While the above is intended to be humorous, it is still actually true. Using different words, what I have written above is exactly what contemporary bodybuilding ‘wisdom’ boils down to. The advice is ABSURD and about as backward as any training advice could be! Few people will ever develop the physique they are capable of following standard bodybuilding advice and what they do build will take an order of magnitude more work and more time.

The Truth

Really the truth about weight training for muscle gain is very simple. Like most goals, the best way to formulate a plan of attack is consider the end point and then work backwards. And the only thing we know with certainty about our end-goal of training for more muscle is:

If you have significantly more muscle TISSUE (ie not just muscles inflated with water) then you MUST be significantly stronger on the most basic, fundamental exercises (ie squat, deadlift, presses)!

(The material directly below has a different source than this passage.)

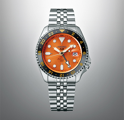 De leesbaarheid van deze uitvoering wordt geperfectioneerd door de helder zwarte GMT-wijzer, die contrasteert tegenover de oranje wijzerplaat. Net als de tijdwijzers en indexen, is de GMT-wijzer voorzien van een royale laag Lumibrite om ook een optimale leesbaarheid bij weinig licht te garanderen. Naast het internationale gemak van de GMT-functie is het horloge ook voorzien van een draaibare bezel, die in twee kleuren is uitgevoerd om in één oogopslag de dag- en nachturen te kunnen onderscheiden. De bezel is gemaakt van Seiko's Hardlex-glas om het hoge niveau van duurzaamheid te leveren waar de Seiko 5 Sports-collectie om bekend staat.

Muscle is extremely efficient. You don’t need to gain much muscle for a significant increase in strength. To gain so much muscle that it fills out your clothes and can be seen in the mirror you are going to be tremendously stronger. Think 50+kg more on your big barbell exercises to be muscularly larger enough to be noticeable. Think 200+kg on your major lifts to go from nothing to World class. So if you are no stronger, or barely stronger, then you CANNOT have significantly more muscle tissue. Therefore:

training to FAIL to get stronger is training to FAIL to grow muscle!

Given that training to not get strong means certain failure for growing muscle, it makes sense to train for strength. There is no other measurably relevant variable to train for. And its as simple as that!